BLACK SNAKES AND RUSSIAN LULLABIES by Kate Furnivall
My skin is tingling. My nose is glowing brighter than Rudolph’s. It’s Publication Day for The Survivors in paperback this week and I am in a whirl of excitement. PR pieces, blog tour and radio interviews have got my brain buzzing.
But before it all takes off, there is someone I want to introduce you to. That someone is Valentina. She is my grandmother. Without Valentina there would be no The Survivors.
To my everlasting sorrow I never knew her in person because she died of pneumonia long before I was born, but she was always a strong and graceful presence in my life. This beautiful photograph of her watched over me and my three siblings throughout our childhood, as we laughed and squabbled our way through our giddy years of growing up. It stood on the piano while I went through my disastrous flirtation with piano lessons, and I really did try harder to make the notes join together in the right order because I knew she had been a talented pianist herself and was listening to my efforts with dismay.
But behind Valentina’s intense gaze there were secrets. Secrets that I had not dreamed of. Horrors I had not imagined. I had always known that my mother had lived most of her childhood abroad – 5 years in China, followed by 5 years in India – because her stepfather was a British journalist with Reuters and then wrote for the Calcutta Times. We were captivated by exotic stories my mother told of her time in Tientsin in China, stories of a thousand songbirds in cages in the marketplace, of acrobats spinning through the air in the street, and of black snakes writhing across the bathroom.
We oohed and aahed and shivered with the thrill of it. Our sleepy seaside town in Wales just didn’t compare. It took me a long time to figure out that my mother’s obsessive dislike of bagpipes was because they sounded way too similar to the snake-charmers’ pipes in the streets of India where they conjured up the scary cobras from their baskets.

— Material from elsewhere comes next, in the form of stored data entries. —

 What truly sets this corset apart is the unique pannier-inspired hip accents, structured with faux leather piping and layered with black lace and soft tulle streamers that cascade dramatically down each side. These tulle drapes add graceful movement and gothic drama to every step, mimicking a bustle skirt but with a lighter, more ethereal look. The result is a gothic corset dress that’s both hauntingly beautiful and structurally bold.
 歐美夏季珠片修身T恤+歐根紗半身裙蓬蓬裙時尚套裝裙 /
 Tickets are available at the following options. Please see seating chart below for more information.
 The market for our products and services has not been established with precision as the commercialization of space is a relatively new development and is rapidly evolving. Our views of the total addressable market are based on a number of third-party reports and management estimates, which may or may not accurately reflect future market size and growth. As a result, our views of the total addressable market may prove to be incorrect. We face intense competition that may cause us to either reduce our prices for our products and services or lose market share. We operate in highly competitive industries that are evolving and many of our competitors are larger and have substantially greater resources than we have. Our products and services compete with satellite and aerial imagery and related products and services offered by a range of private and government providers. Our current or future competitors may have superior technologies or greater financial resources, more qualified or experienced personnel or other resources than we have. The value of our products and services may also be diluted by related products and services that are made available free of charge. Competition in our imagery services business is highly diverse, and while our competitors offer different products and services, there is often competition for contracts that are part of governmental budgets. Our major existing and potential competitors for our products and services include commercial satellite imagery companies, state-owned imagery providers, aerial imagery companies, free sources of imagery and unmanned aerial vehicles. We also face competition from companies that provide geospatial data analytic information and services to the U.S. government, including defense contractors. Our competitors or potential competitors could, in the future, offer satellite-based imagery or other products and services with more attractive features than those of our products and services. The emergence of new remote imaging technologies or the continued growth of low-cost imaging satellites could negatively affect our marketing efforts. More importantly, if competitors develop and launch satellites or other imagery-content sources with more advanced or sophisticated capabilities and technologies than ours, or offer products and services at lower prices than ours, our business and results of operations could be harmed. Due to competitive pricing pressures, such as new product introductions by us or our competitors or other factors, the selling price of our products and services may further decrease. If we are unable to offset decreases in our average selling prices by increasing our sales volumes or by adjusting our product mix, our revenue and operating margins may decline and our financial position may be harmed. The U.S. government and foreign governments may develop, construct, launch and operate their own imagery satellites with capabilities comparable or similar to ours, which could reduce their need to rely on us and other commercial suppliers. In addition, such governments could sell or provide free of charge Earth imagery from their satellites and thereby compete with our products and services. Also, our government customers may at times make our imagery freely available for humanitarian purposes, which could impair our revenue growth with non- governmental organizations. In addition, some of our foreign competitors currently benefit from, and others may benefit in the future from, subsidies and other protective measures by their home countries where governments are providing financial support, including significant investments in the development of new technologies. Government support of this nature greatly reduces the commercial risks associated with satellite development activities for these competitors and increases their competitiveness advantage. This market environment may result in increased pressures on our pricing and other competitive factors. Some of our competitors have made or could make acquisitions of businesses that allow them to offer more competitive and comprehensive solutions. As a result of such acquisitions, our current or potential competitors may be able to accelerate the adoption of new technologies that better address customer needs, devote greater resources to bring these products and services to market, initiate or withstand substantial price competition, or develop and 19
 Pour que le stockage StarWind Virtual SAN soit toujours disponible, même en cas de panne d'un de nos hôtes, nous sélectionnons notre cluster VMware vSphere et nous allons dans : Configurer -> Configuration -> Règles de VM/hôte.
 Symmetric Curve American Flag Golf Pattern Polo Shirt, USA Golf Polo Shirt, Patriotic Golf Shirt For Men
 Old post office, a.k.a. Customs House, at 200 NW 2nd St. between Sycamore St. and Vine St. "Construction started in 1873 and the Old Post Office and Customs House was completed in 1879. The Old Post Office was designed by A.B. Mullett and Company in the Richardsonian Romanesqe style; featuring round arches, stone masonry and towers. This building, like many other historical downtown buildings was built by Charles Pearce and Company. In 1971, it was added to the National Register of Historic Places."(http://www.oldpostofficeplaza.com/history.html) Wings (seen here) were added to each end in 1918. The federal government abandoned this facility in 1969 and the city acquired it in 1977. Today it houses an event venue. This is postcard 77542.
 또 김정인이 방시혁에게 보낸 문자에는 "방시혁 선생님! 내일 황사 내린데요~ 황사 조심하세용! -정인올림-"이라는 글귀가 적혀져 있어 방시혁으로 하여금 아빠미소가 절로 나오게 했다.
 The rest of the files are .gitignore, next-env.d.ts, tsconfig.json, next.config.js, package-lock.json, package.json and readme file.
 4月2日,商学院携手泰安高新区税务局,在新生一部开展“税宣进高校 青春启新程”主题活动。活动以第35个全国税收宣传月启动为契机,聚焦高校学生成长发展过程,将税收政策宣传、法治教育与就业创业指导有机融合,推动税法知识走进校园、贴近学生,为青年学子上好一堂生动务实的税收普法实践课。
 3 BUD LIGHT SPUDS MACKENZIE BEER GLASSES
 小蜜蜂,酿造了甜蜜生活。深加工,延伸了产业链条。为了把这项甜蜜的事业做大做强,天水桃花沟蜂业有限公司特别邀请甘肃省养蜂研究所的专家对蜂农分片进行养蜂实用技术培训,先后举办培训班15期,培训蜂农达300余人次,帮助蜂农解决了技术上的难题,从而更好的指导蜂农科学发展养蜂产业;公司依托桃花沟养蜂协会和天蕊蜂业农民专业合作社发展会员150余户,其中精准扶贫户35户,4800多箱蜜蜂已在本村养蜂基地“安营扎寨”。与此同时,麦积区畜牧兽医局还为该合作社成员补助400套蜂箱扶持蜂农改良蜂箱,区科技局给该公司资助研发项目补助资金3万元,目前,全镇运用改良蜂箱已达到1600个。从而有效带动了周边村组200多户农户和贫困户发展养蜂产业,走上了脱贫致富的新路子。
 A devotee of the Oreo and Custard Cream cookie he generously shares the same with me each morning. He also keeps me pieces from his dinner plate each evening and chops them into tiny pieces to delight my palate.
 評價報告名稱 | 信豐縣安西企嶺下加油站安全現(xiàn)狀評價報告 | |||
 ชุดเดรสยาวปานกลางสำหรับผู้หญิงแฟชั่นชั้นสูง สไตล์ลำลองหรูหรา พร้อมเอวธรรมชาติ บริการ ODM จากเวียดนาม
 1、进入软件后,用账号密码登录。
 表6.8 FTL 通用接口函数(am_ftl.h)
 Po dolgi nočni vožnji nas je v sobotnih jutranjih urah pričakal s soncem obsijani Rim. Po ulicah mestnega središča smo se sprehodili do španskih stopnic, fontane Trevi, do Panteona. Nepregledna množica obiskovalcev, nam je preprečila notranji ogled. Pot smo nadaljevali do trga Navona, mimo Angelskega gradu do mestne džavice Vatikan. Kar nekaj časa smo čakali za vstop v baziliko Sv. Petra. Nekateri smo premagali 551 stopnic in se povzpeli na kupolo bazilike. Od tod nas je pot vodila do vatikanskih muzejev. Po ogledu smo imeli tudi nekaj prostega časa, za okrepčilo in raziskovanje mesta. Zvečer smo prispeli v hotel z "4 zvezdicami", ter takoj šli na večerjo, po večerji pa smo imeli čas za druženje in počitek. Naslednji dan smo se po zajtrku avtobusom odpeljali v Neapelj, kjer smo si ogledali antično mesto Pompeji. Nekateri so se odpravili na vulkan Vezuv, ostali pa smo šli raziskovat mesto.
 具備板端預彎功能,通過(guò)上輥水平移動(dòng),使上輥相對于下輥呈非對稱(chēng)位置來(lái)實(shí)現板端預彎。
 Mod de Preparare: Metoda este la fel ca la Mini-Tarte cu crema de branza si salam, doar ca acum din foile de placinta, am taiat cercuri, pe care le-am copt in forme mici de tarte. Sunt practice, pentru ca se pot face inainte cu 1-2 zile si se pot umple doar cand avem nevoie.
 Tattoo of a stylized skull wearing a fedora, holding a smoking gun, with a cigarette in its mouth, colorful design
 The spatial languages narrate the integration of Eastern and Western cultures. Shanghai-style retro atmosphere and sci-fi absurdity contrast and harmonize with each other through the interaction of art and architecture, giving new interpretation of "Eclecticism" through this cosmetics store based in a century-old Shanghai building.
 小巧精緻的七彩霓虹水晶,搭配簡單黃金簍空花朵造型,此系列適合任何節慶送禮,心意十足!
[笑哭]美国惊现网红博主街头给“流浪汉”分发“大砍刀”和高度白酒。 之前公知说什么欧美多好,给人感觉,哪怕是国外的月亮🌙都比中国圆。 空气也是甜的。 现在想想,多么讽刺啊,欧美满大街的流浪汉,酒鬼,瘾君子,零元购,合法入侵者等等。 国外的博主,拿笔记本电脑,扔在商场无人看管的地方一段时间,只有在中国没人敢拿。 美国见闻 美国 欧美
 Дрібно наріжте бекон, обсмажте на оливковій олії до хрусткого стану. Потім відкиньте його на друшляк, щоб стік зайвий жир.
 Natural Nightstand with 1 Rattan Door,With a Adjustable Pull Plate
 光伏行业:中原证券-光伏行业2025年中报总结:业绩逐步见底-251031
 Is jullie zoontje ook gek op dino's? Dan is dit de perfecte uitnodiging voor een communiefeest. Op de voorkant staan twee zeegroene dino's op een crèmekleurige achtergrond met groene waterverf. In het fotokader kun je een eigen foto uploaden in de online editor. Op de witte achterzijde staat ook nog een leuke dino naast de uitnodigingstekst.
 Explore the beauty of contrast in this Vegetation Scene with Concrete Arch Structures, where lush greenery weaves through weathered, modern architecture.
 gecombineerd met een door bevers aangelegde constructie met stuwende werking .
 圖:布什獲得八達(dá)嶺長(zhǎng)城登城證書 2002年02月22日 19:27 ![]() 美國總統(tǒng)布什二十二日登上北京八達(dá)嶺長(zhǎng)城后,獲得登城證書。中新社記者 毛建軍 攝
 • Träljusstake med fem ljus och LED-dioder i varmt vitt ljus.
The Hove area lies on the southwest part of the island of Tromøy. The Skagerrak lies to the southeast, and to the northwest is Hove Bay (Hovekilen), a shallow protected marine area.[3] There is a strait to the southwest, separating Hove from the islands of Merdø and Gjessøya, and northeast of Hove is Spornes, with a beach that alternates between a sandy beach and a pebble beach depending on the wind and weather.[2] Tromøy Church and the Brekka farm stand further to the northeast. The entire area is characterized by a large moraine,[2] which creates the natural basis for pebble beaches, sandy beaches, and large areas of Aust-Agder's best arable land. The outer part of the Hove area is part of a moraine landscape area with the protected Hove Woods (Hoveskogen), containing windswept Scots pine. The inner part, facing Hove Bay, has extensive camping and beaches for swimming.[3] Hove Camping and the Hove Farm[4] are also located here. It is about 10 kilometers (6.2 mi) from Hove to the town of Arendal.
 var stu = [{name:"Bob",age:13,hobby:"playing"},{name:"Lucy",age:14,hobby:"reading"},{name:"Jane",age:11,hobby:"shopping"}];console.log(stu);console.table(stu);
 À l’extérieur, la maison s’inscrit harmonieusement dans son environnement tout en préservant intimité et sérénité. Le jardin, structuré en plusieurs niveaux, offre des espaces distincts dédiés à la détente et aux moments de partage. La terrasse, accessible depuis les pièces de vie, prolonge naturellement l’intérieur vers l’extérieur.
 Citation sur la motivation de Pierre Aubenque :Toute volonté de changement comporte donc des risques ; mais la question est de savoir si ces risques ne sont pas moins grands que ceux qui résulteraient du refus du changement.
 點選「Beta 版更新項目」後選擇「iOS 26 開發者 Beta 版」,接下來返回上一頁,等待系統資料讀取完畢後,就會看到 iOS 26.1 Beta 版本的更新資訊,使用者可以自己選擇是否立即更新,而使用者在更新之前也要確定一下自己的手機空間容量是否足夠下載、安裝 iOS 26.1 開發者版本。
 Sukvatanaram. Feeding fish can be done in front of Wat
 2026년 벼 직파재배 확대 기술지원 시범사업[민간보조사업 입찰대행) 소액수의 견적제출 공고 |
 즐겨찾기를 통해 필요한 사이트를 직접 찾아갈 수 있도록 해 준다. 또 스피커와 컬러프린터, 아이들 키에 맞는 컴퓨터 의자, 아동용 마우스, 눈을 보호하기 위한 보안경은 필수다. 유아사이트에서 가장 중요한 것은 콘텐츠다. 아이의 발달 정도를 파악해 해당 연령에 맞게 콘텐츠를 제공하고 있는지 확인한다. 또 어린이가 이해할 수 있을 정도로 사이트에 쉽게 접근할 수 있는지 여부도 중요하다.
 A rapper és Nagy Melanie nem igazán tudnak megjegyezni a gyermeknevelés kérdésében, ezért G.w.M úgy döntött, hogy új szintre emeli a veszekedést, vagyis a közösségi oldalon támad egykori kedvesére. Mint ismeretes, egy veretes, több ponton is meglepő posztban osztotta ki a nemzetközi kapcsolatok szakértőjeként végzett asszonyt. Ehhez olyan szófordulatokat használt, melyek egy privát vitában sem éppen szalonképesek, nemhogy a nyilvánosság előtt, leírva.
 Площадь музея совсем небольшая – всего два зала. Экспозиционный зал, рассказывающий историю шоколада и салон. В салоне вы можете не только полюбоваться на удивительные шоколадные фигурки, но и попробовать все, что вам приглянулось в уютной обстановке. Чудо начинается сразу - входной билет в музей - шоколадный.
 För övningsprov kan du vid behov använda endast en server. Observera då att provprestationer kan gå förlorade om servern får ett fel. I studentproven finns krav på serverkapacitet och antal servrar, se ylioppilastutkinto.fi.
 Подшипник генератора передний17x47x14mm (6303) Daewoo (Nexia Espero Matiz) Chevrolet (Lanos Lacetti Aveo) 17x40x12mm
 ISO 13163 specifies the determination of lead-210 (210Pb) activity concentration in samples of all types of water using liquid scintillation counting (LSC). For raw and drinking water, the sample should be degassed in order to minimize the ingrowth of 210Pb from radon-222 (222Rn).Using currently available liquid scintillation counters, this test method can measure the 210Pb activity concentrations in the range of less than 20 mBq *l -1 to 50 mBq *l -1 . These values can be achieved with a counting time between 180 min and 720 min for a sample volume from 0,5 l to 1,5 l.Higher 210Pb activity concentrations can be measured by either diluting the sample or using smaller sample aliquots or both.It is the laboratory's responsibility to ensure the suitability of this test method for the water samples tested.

But truth has a habit of squeezing its way out in the end. Not long before my mother died in 2000, I was skimming through her old sepia photographs and came across one of her as a child on a beach in China – she was about four years old and cute as a kitten – and suddenly the words that had been locked away inside her for so many years came tumbling out.
“It’s time I told you that my mother was Russian,” she said. “I was born in St Petersburg, not here in England. I didn’t come to England till I was thirteen.”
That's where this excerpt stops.